A Temple in Chains

Radio Erena: 25 November 2019

Sudan News Agency (SUNA) reported on 20 November 2019 that the Minister of Religious Affairs and Endowments Nasser-Eddin Mufrih met in his office with the Eritrean Ambassador Ibrahim Idris. The two officials discussed bilateral relations; the Minister highlighted the need for a protocol on religious´ affairs cooperation between the two neighboring countries. On his part, the Ambassador emphasized the importance of cooperation between Eritrea and Sudan.

At a glance, and from a diplomatic viewpoint, the encounter is no more than a routine meeting between a minister and an accredited diplomat. Such meetings take place almost in all world capitals and on a daily basis. What draws attention to this particular meeting is the absurdity engulfing Eritrea´s claim that it is a secular state which does not interfere in religious affairs either in a positive or negative manner as these matters fall within the sphere of the individuals, not the state.

The records show otherwise. In summer, 1993 the security forces rounded up the Jehovah’s Witnesses, confiscated their property and denied them all citizens’ rights. A year later, the government turned against the Muslims. More than a hundred clerics, imams, and Arabic language teachers were arrested from different cities and towns around Eritrea. The arrested persons, whose whereabouts are not yet known, were prominent social figures in the local communities. They have been teachers in the Islamic Religious Institutes or the locally known (Mahad Dini).
These institutes are the main provider of Islamic religious education; the oldest among them is the one built in Massawa, in 1940. These institutes have survived the infamous regimes of emperor Haile Selassie and Mengistu Haile Mariam.

At present-day Eritrea, two monumental figures stand as symbols of religious defiance against tyranny. Haj Musa Mohamad Nur breathed his last in police custody in March 2018. An old man with the apparently a fragile build but endowed with an unwavering fortitude, Haj Musa Mohamad was the chairman of the Parents´ Board of Addiya Islamic School in Asmara. At the beginning of the academic year, 2017, the Board received a letter from the Ministry of Education notifying that the school will be placed under the Ministry´s direct supervision and control, which inevitably means the suspension of the religious curriculum in the school. Consequently, Haj Musa gathered the school teachers, the students, and the parents and gave a fiery speech in which he said the school will maintain its educational policy whatever the cost may be. The government´s response was outrageous; it arrested the Board members, the teachers, and some students. The infamous act generated an outcry as the students embarked on the first demonstration in the capital after its independence in 1991. After five dreadful months in detention, Haj Musa perished in custody like his brother the late Taha Mohamed Nur, a co-founder of the Eritrean Liberation Front E.L.F; and of the few Eritreans who obtained their university degree from a western university. In January 2019, another prominent figure of the Addiya Board passed away in police custody: Haj Ibrahim Younus, the arms comrade of Haj Musa Mohamad Nur.

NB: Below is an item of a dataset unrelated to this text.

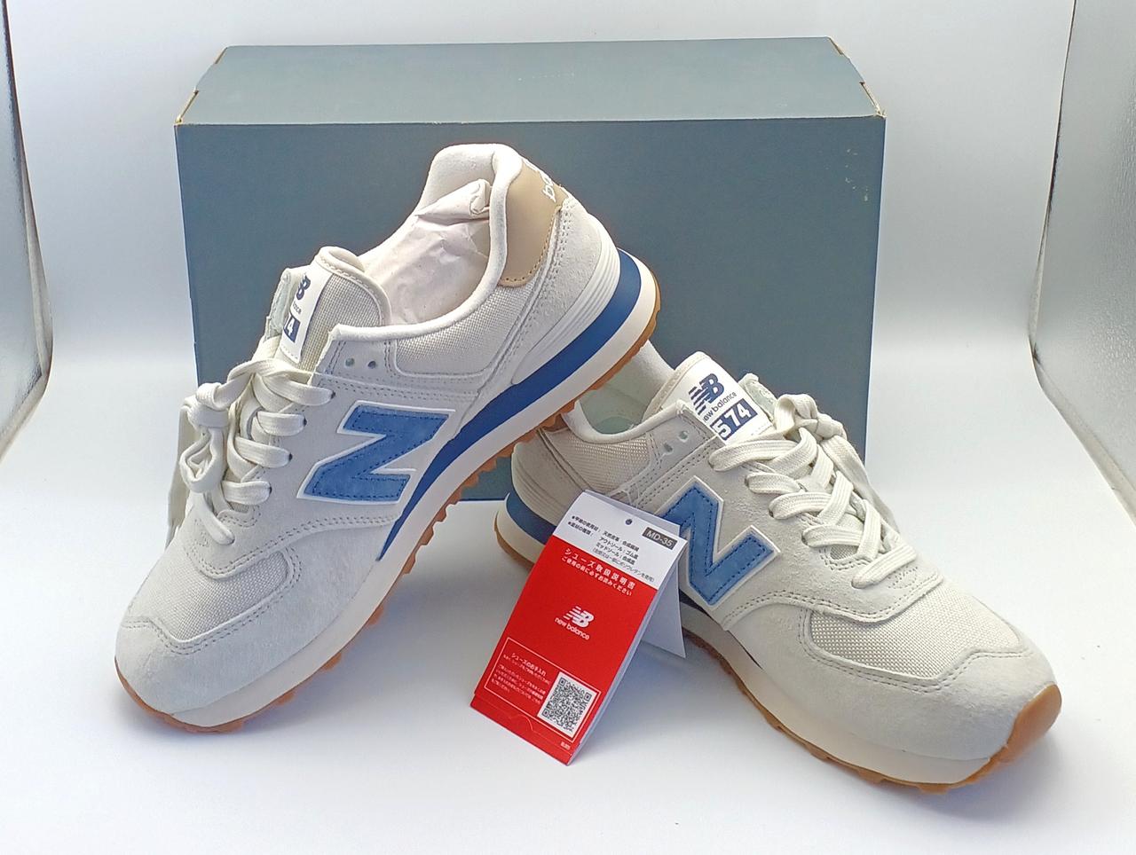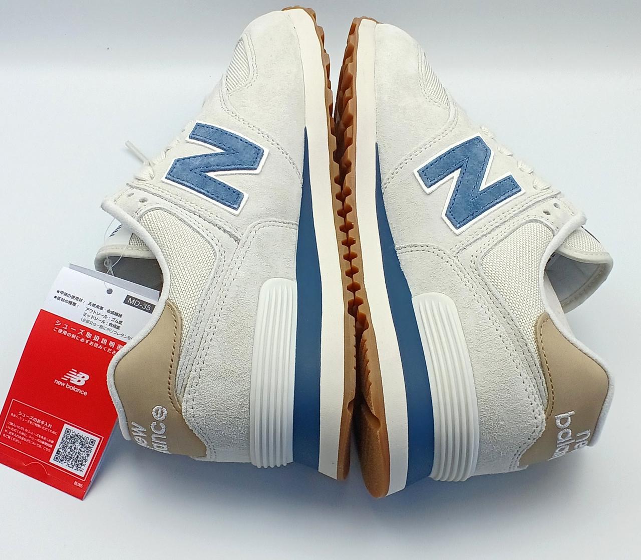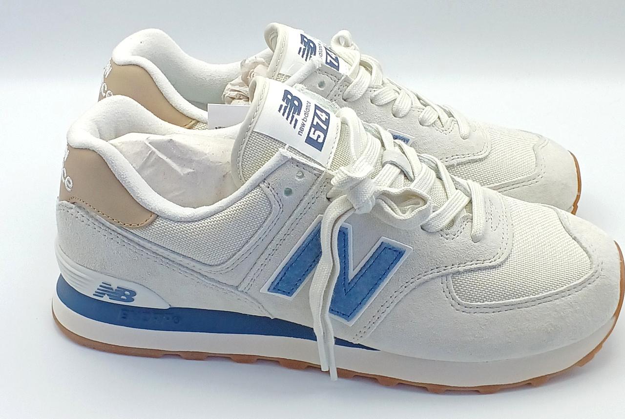 オフロードシューズ「576」のDNAを受け継いだ「574」の伝統的なシルエット。グレーを基調にネイビーのアクセントがあしらわれたカラーリングです。

The other pillar of religious resistance is Abune Antonios, an old sage of prominence and indefatigable resolve. The ninety-two old patriarch stands as a model of struggle from his forced house arrest. Abune Antonios the legitimate Patriarch of the Tewahdo Orthodox Church, resisted the blatant and furtive interference of the security forces in the affairs of his church. Once more, the government´s response was wrathful as it decided to depose him and assign a new bendable pro-government patriarch. Despite his old age and failing health, he still stands as a beacon of hope for his followers.

The independent Tewahdo Church in the United States organized a widespread demonstration in front of the United Nations Head Quarter on the 74th anniversary of the establishment of the organization calling for the immediate release of the Patriarch and all the prisoners of conscience. The pressure on the government is steadily mounting as the world discovers the scope of violations. The Department of State in its annual report on religious freedoms worldwide in December 2018, expressed concern about the situation of religious freedoms in Eritrea. The report listed the flagrant violation of religious freedoms in the country, ranking Eritrea among the worst countries in violation of religious freedoms.
Earlier, the United Nations Commission of Inquiry on Human Rights in Eritrea concluded that there are crimes that amount to a crime against humanity committed by the Eritrean security forces. The Pentecostals have disclosed atrocious violations. Some of them spent more than twelve months in shipment containers, others passed away under agonizing torture. The Commission´s report which was released in June 2016 put the number of the Eritrean refugees who arrived in Europe at 47 thousand; hundreds of them escaped religious persecution. The bleeding of the mosques and the churches still continue profusely. Bold actions, not only prayers will end the atrocities in Eritrea.